I lived my life fixated on my immediate surroundings, a level of unabated presence that I aspire to as an adult. I had not thought deeply about the bus routes of my friends or their afterschool experience.
Except in the "crossover episodes" where we would quite literally imagine, script, and act our own variety TV show — our hopeful rendition of The Amanda Show.
What started as a simple thought experiment, quickly spiraled into a full-blown existential crisis. No longer the star of my own TV show, but rather a supporting character in everyone else's. No longer the center of the universe, but rather a part of it.
It was freeing — except for the unrelenting re-evaluation of everything I thought I believed about myself. While I was so certain that I was not self-centered, I realized that I had only perceived life through a first-person lens up to that point and hadn't compelled myself to view situations from other perspectives as they unfolded.
My mind was in freefall, tumbling through the air, unsuccessfully trying to reorient myself. Each morning for the next three days, I would wake up and change my mind about at least 10 things before breakfast and another 10 before lunch.
On Thursday, I felt a sense of calm as I woke up from what felt like a cognitive hibernation. The elusive clarity that evaded me for the past three days had finally arrived — at long last, I knew what I thought.
friendly freefall
It was years until I reflected on that experience again. I was talking to a friend about moments we felt perceptible shifts in our thinking. She asked, "What was the most memorable shift you experienced?"
That was the first time I shared the sibylline chronicle of that day in the algebra classroom. I asked if she'd experienced a similar moment, but she had to think and try to remember a similarly profound, formative external stimulus.

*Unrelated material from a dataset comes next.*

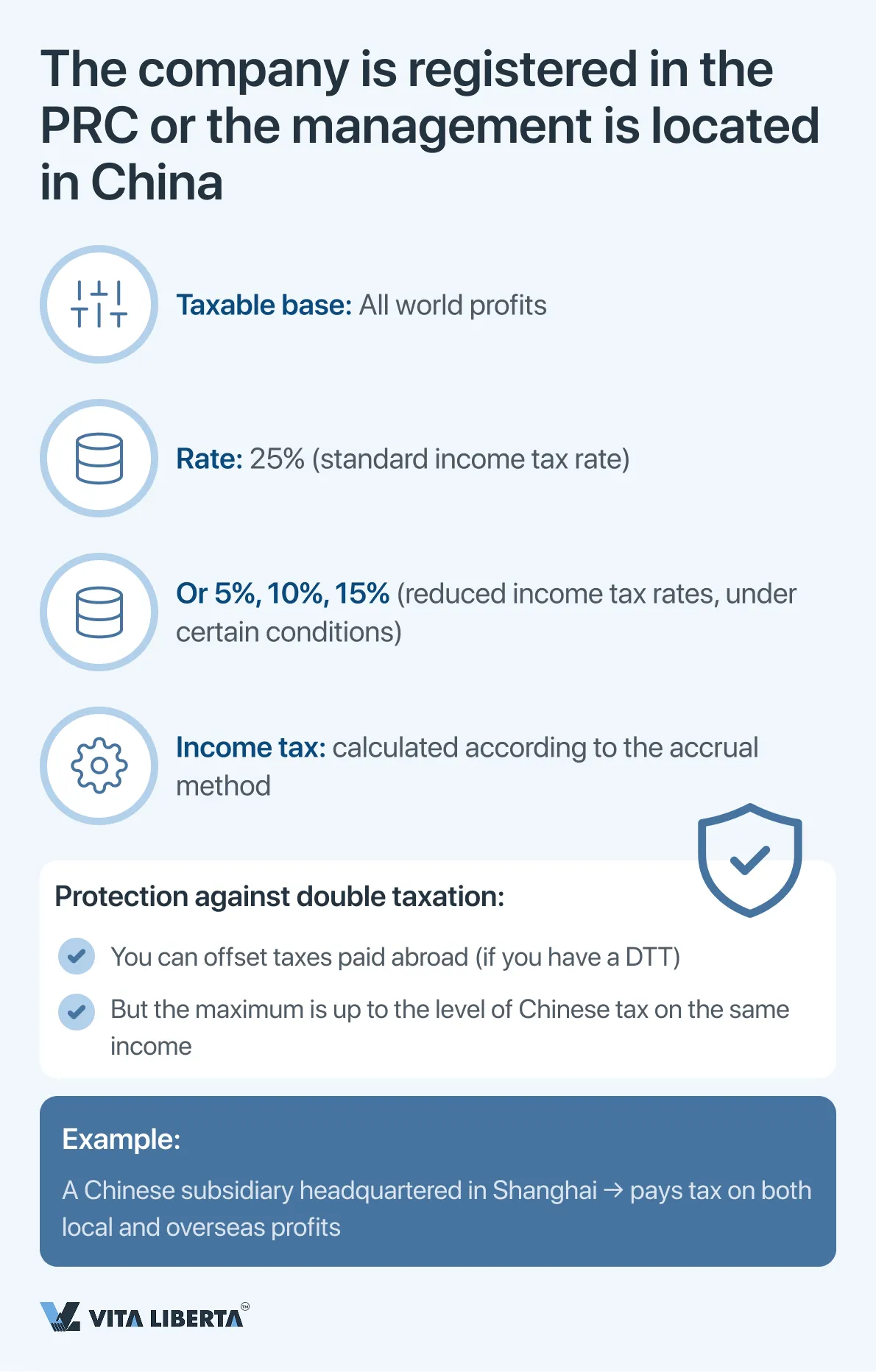 This category includes enterprises registered in accordance with the legislation of the People’s Republic of China or having actual management bodies in China. TREE are subject to the principle of worldwide taxation and are required to declare all global profits received. To prevent double taxation, Chinese law provides for a mechanism for offsetting foreign taxes paid abroad on income of foreign origin. However, the amount of credit is limited to the amount of tax that would be payable in China on the same amount of income. Tax calculated at the applicable tax rates

It occurred to me that the insight came from within, and the external stimulus was merely a catalyst. The most relatable analogy I could think of was if you were dropped out of a plane and couldn't tell up from down.
“It's kinda like... mental freefall.”
The new framing reminded her of a seemingly innocuous annual tradition: watching fireworks with her family and friends on July 4th as a child.

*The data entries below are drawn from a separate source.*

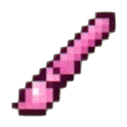 A pink pixel art paintbrush icon with a dark outline.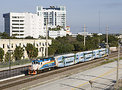 Southbound Tri-Rail train P619 accelerates out of the West Palm Beach station on its journey to Miami.
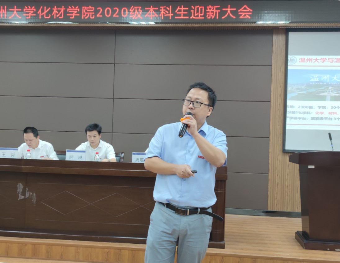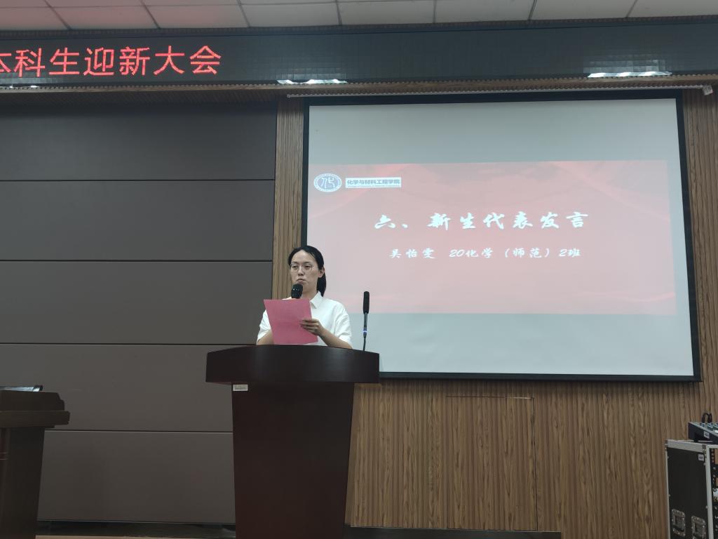之后,由18化学创新班徐北航作为老生代表讲话,他对新生提出几点建议:明确目标;做出正确选择;与人为善,真诚待人。由20化学师范2班吴怡雯同学作为新生代表讲话,她对未来四年的老员工活表示美好的期待。

In past years, once the fireworks started she was completely captivated by their magnificent pageantry. Starting with an expectant stillness that blankets the world.
Then, with an audacious suddenness, the sky is pierced by a tumultuous burst of color - an eruption of incomprehensible brilliance. The sublime orchestra of human ingenuity against the backdrop of the cosmos. Each firework was a brief yet triumphant testament to man's audacity against the stoic, unchanging night.
But that night, she and her family arrived early to get "good seats", and for the first time, she could see the people launching the fireworks.
She realized there were people all these years; behind the scenes, orchestrating the show, and emblazoning the sky into the spectacular movie she had been watching. She kept thinking about it for days and came to the realization:
“I want to be the person launching the fireworks.”
stages of freefall
To understand and make the most of mental freefall, we must first accept, embrace, and appreciate the experience. A hyperfixation that starts and ends with the mind on itself.
The initial stage of freefall is similar to the feeling as a wave crashes into you; a brutal chaos of uncertainty and doubt that pulls you beneath the surface. As we plunge deeper, we enter a stage of exploration - a feverish dance with our own unruly thoughts and effervescent feelings.
It is crucial here to not resist the dance but rather to become a willing partner, moving with the rhythm, and understanding its nuances. This introspective dance eventually brings us to the final stage - the doubtful serenity as we wash ashore - where clarity dawns and certainty takes root as we find solid footing.
We emerge anew, freshly absolved from our once-quixotic beliefs, to forge ahead unafraid to reveal the contractions we currently hold dear, waiting to be unearthed.